* INSTRUCTIONS TO FOLLOW *
Starting from the line in which "圖:洛杉磯中國(guó)城張掛雞年彩旗" appears, set down each line exactly through the end of the listing, and nothing else. Leave out pictures.

* RECORDED DATA *
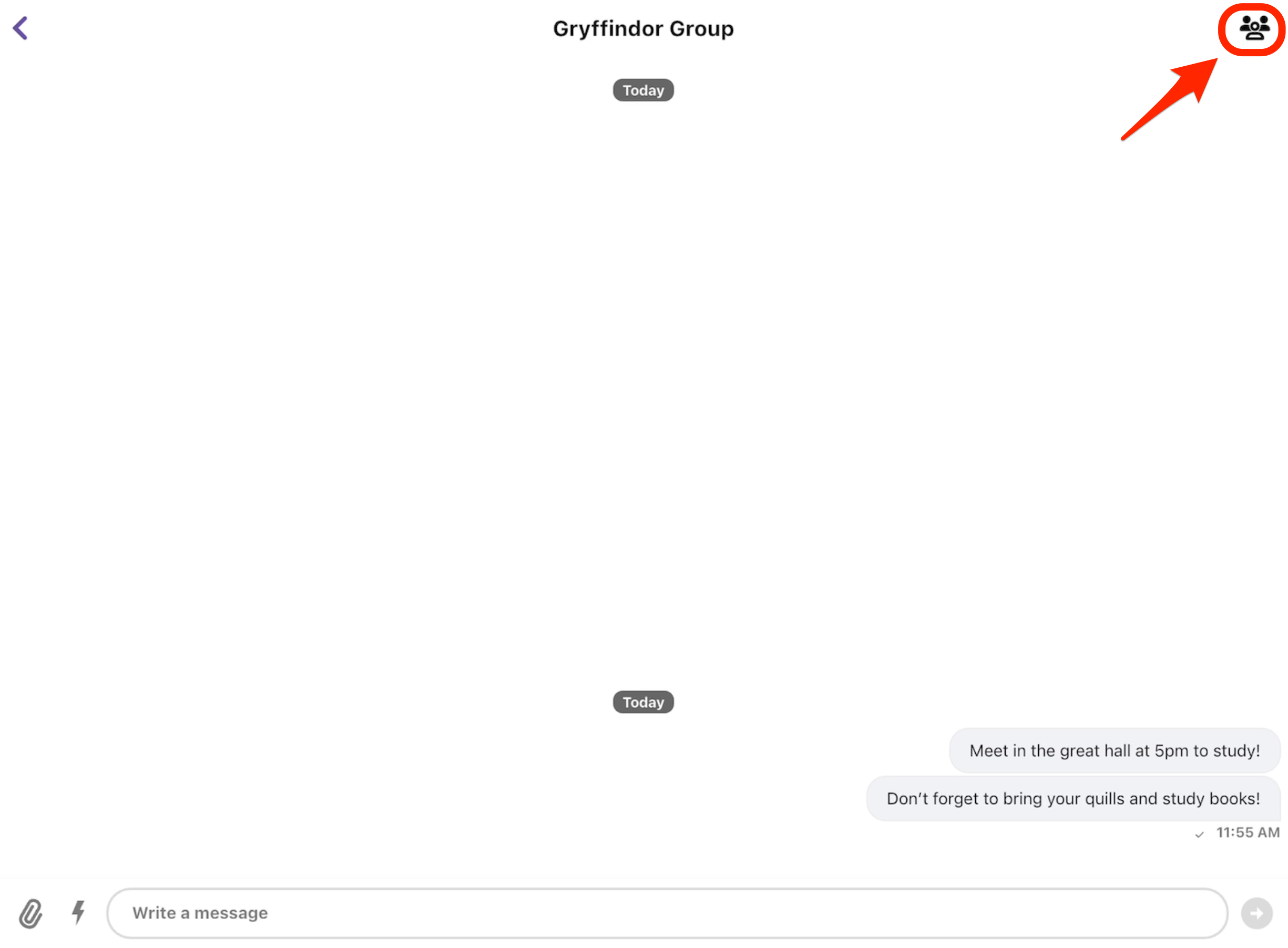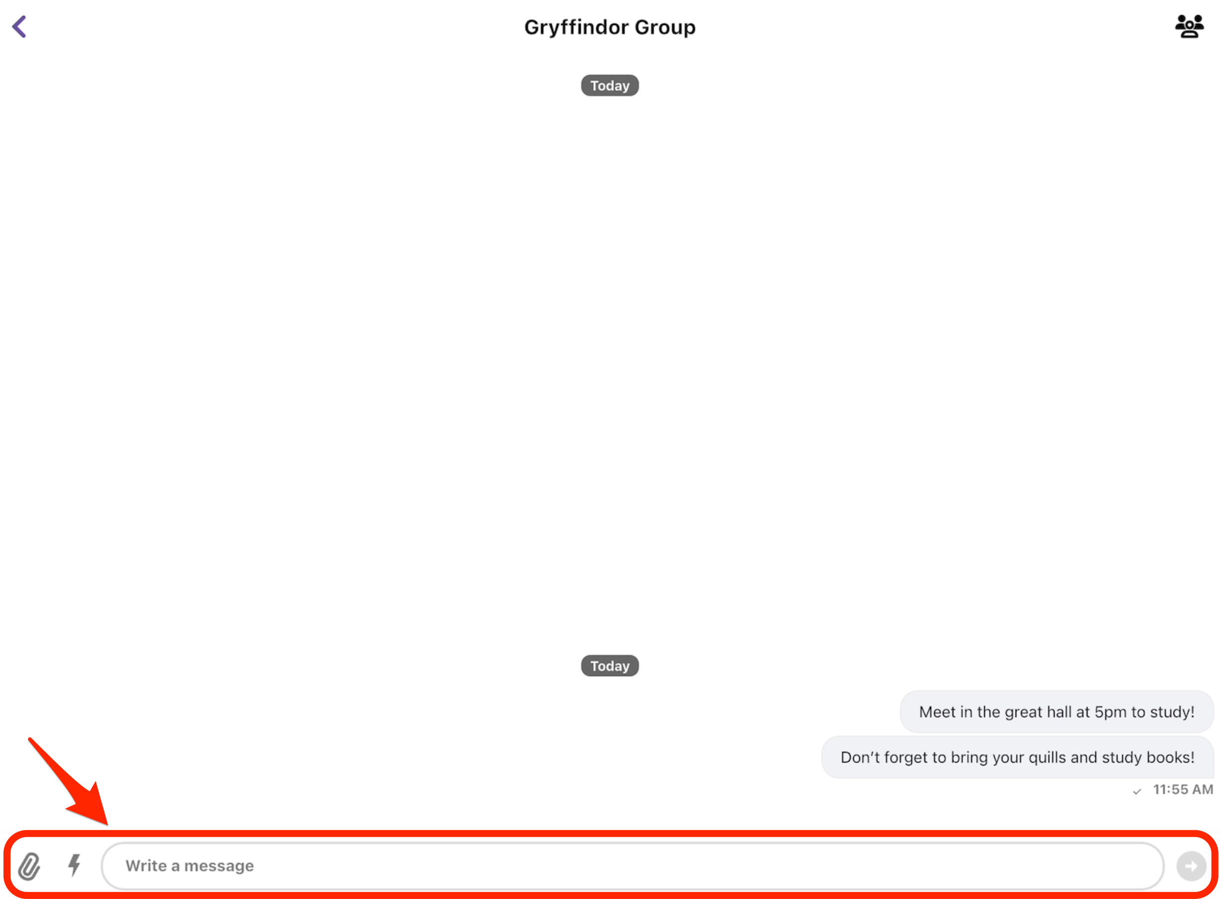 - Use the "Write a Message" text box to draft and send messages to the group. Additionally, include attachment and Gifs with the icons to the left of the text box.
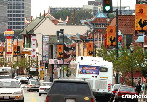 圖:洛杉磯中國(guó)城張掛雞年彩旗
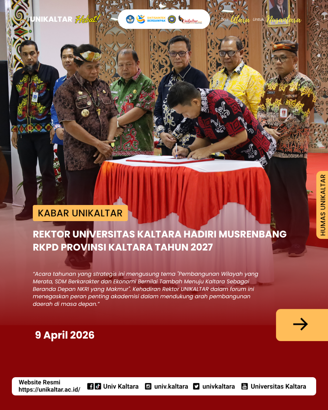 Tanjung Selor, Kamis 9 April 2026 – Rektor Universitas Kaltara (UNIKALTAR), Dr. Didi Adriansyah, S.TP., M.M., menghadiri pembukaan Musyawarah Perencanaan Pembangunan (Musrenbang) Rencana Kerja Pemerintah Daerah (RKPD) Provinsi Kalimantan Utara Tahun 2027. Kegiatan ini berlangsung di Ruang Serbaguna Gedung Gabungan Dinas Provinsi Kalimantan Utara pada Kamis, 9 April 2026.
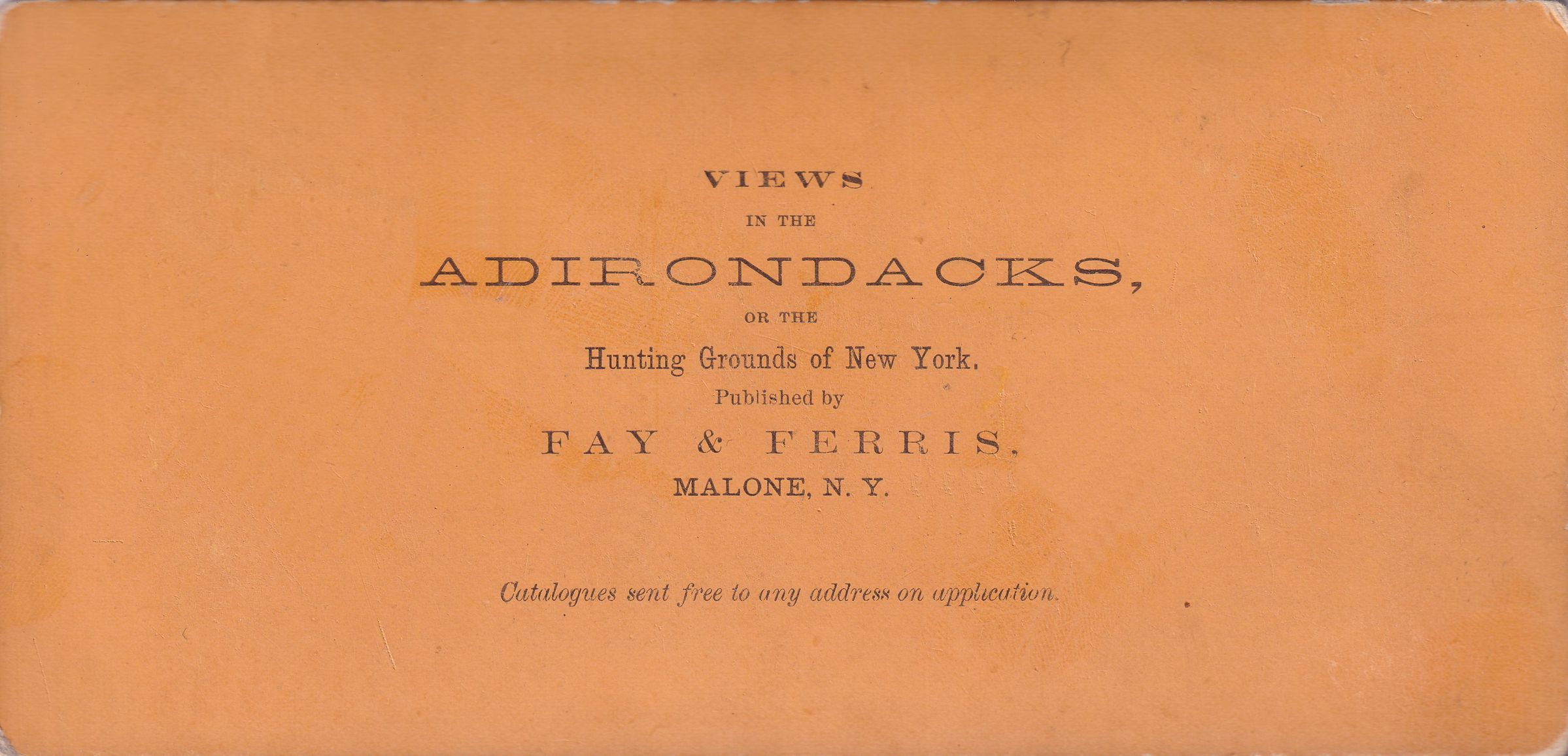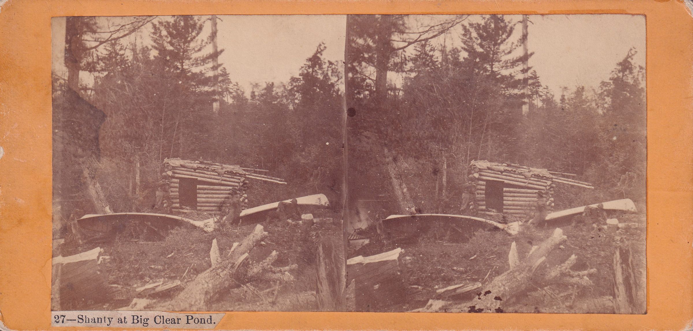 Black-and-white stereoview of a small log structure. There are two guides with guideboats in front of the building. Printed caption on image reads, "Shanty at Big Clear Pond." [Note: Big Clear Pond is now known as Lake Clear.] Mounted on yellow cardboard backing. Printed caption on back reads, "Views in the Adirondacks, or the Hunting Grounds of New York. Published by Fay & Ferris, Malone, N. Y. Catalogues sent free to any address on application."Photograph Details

* ANSWER SPACE *
 圖:洛杉磯中國(guó)城張掛雞年彩旗
 Tanjung Selor, Kamis 9 April 2026 – Rektor Universitas Kaltara (UNIKALTAR), Dr. Didi Adriansyah, S.TP., M.M., menghadiri pembukaan Musyawarah Perencanaan Pembangunan (Musrenbang) Rencana Kerja Pemerintah Daerah (RKPD) Provinsi Kalimantan Utara Tahun 2027. Kegiatan ini berlangsung di Ruang Serbaguna Gedung Gabungan Dinas Provinsi Kalimantan Utara pada Kamis, 9 April 2026.
 Black-and-white stereoview of a small log structure. There are two guides with guideboats in front of the building. Printed caption on image reads, "Shanty at Big Clear Pond." [Note: Big Clear Pond is now known as Lake Clear.] Mounted on yellow cardboard backing. Printed caption on back reads, "Views in the Adirondacks, or the Hunting Grounds of New York. Published by Fay & Ferris, Malone, N. Y. Catalogues sent free to any address on application."Photograph Details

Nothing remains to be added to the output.